# Shares of the 1903 Prize in Physics
You want to examine the laureates of the 1903 prize in physics and how they split the prize. Here is a query without projection:

db.laureates.find_one({"prizes": {"$elemMatch": {"category": "physics", "year": "1903"}}})
Which projection(s) will fetch ONLY the laureates' full names and prize share info?

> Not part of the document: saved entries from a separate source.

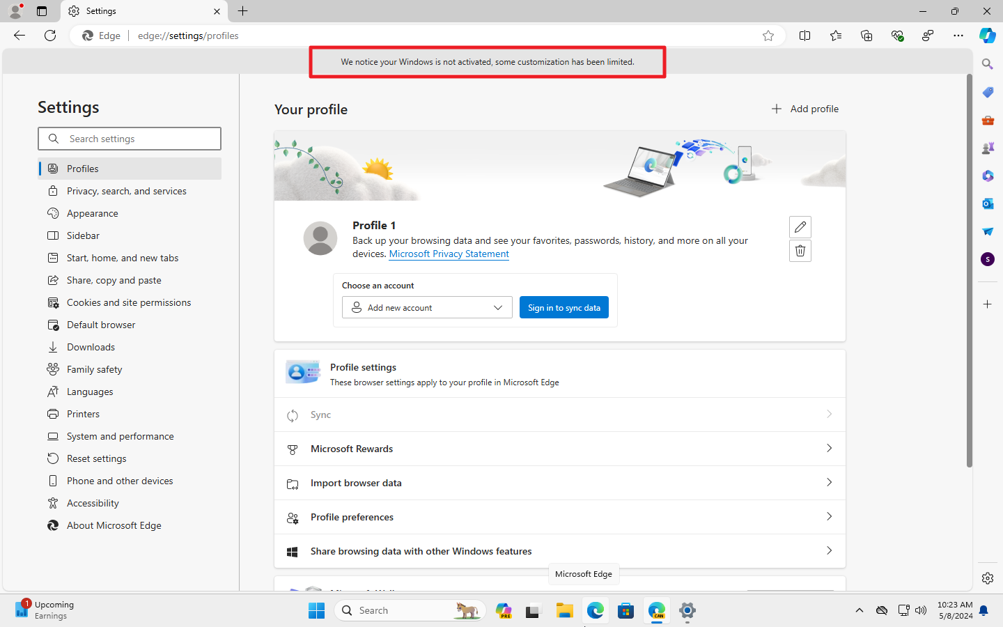 有効になると、Edgeはアクティブ化されていないシステムの設定に次のメッセージを表示します。「ウィンドウがアクティブになっていないことに気付き、いくつかのカスタマイズが制限されています」。
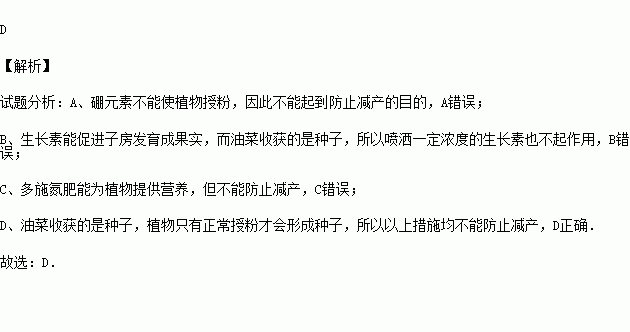 大田里的油菜在盛花期由于一场大雨影响了正常授粉,为防止减产可采取的补救措施是( )
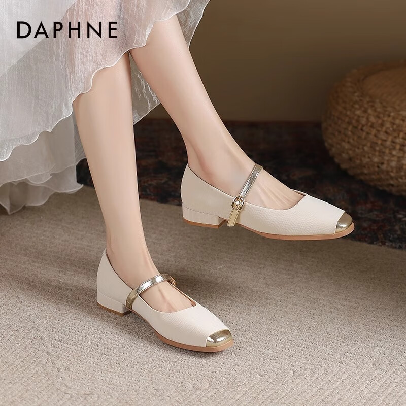 ¥99.9 达芙妮玛丽珍女鞋2024新款春秋法式气质优雅小香风皮鞋拼色一字扣单鞋JL 米金色 39 249.9
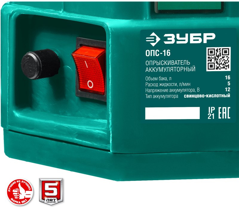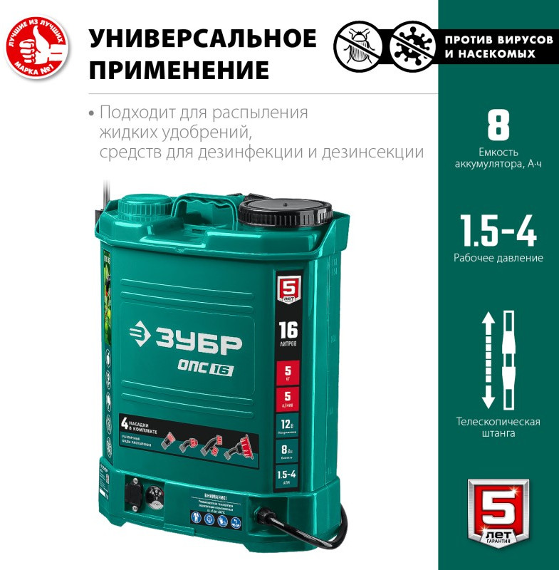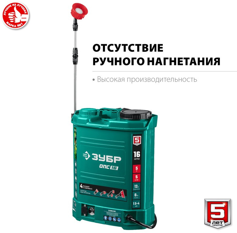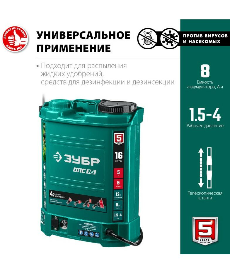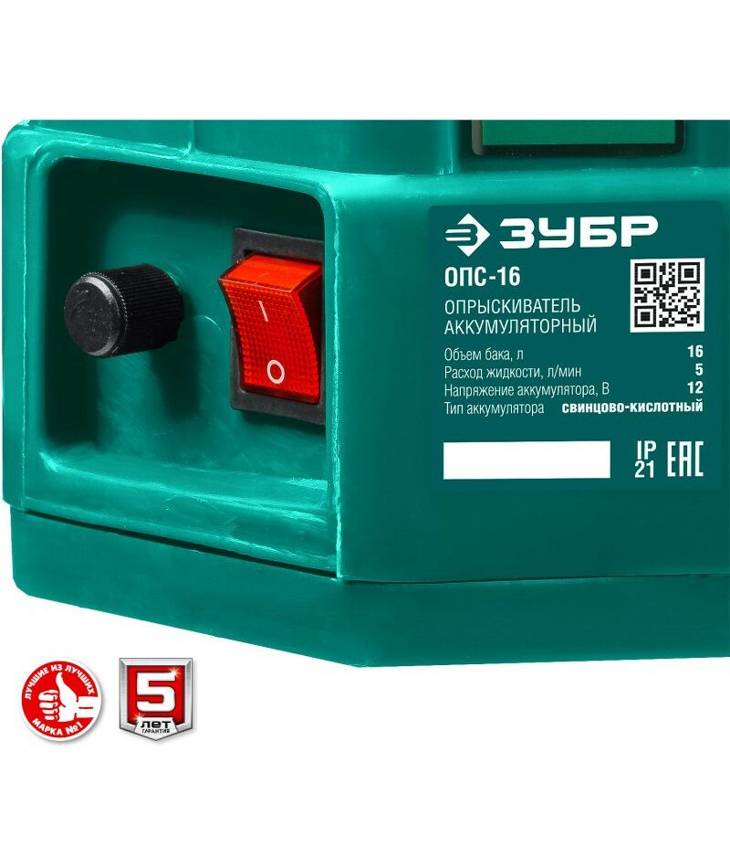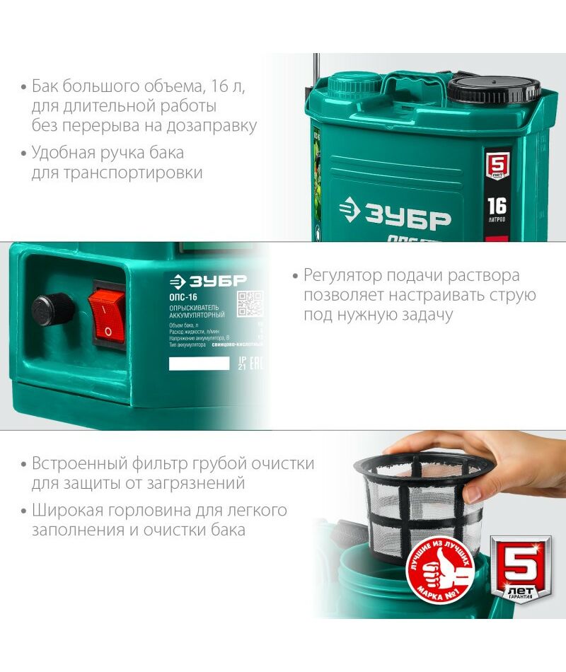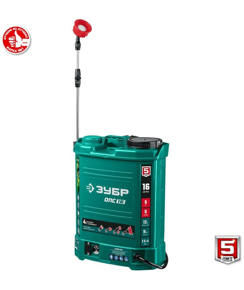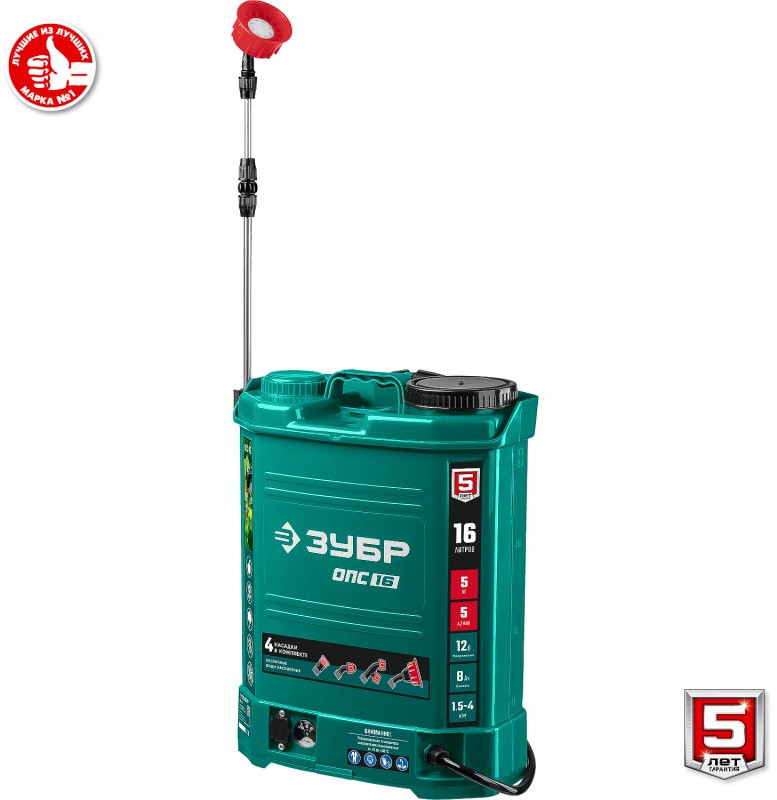 Опрыскиватель аккумуляторный Зубр ОПС-16 16 л бак, 12В, 8Ач

I encourage you to experiment with the console and re-familiarize yourself with the structure of laureate collection documents.

In [1]:
from pymongo import MongoClient

client = MongoClient('mongodb://localhost:27017')

# Connect to the "nobel" database
db = client.nobel

In [2]:
print(db.laureates.find_one({"prizes": {"$elemMatch": {"category": "physics", "year": "1903"}}}))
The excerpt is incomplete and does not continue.